The Louisiana Ornithological Society (LOS) sponsors quarterly meetings with those in fall and spring always scheduled for the last full weekends in October and April in Cameron, Louisiana - check out the webpage losbird.org for specific dates. [There is a winter meeting in January that moves around the state]. Located in Cameron Parish in the extreme southwestern corner of the state, Cameron is the ideal location for such events. Migrants including passerines and shorebirds either stage in the area's wetlands and wooded oak chenier ridges preparing to fly south across the Gulf of Mexico for the winter or stop in the area to rest and feed upon return from points south during their northward migrations during the spring. Visitors can find loons, grebes, pelicans, cormorants, wading birds, vultures, waterfowl, raptors, shorebirds, gulls, terns, doves, nightjars, woodpeckers, flycatchers, vireos, crows, swallows, wrens, thrushes, warblers, tanagers, sparrows, grosbeaks and buntings, blackbirds and orioles, and finches in the Cameron area during these migration periods. And, regardless of the time of year, visitors to wetlands associated with reservoirs, the Red River, the Atchafalaya River, the Mississippi River and the coastal fringe south of I-10 are often astounded by the large numbers of magnificent wading birds that frequent these locations.
Local birding clubs, some affiliated with the Audubon Society, others not, are found in most metropolitan areas and offer members and visitors monthly weekend birding trips. State and US Government facilities often offer nature programs on weekends.
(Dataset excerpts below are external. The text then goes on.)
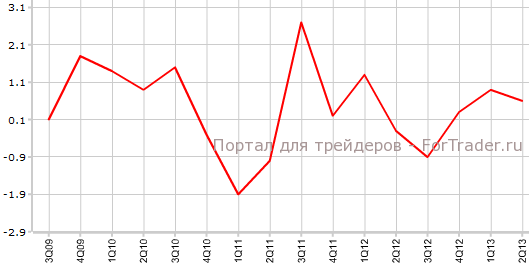 Согласно представленным 12 августа официальным данным, предварительный ВВП Японии во 2-м квартале поднялся на 0,6% по сравнению с предыдущим кварталом и на 0,9% против того же периода 2012 года. Экономисты прогнозировали, что внутренний валовый продукт страны вырастет на 0,9% в квартальном выражении, как и в 1-м квартале. Тогда экономический рост в годовом выражении составлял 0,3%.
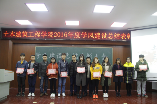 校园网讯 3月16日晚,土木建筑工程学院2016年度学风建设总结表彰大会于6栋学术报告厅举行。土建学院相关负责人、各年级辅导员、班主任代表以及学生代表200多人参加了表彰大会。
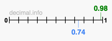 Below is our number line from 0 to 1, showing 0.98 colored in green and 0.74 colored in blue.
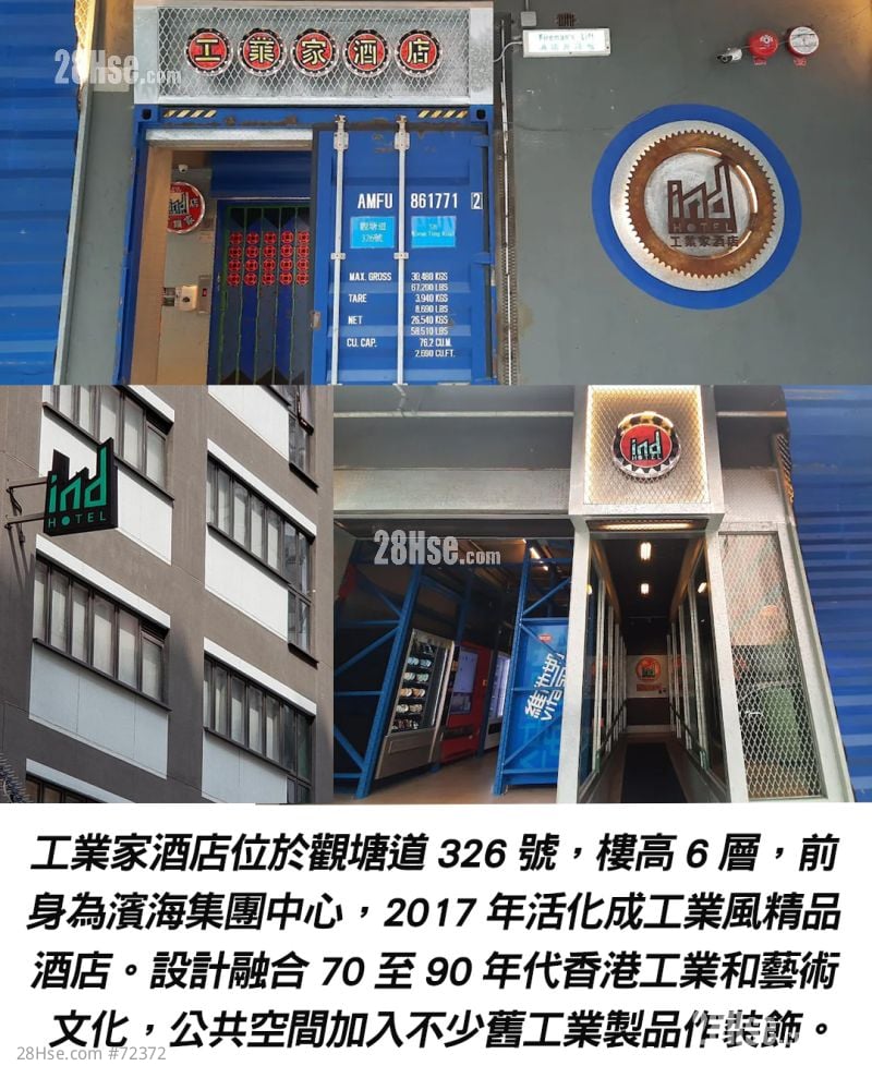 觀塘再現酒店放售潮,位於觀塘道326號,由濱海集團持有的「工業家酒店」現以意向價1.38億元放售,以現時約60間客房計算,平均每間作價約230萬元。市場消息指,物業具改裝為學生宿舍潛力,若申請獲批,可增加至174張床位。

Sherburne Wildlife Complex NWR
The Sherburne Wildlife Complex in the center of the Atchafalaya Basin half way between Baton Rouge and Lafayette is surely one of the best places for birding off the coast in Louisiana with full public access although people MUST have a Wild Louisiana Stamp or a valid hunting or fishing license to access the state's properties in this system. [Dr. Remsen recently published a wonderful article on this area in Birder's World]. The US Fish & Wildlife Service has just published a seasonal checklist for one unit of the SWC - the Atchafalaya National Wildlife Refuge. The checklist is good for the entire 45,000 acre tract that includes state and federal ownership.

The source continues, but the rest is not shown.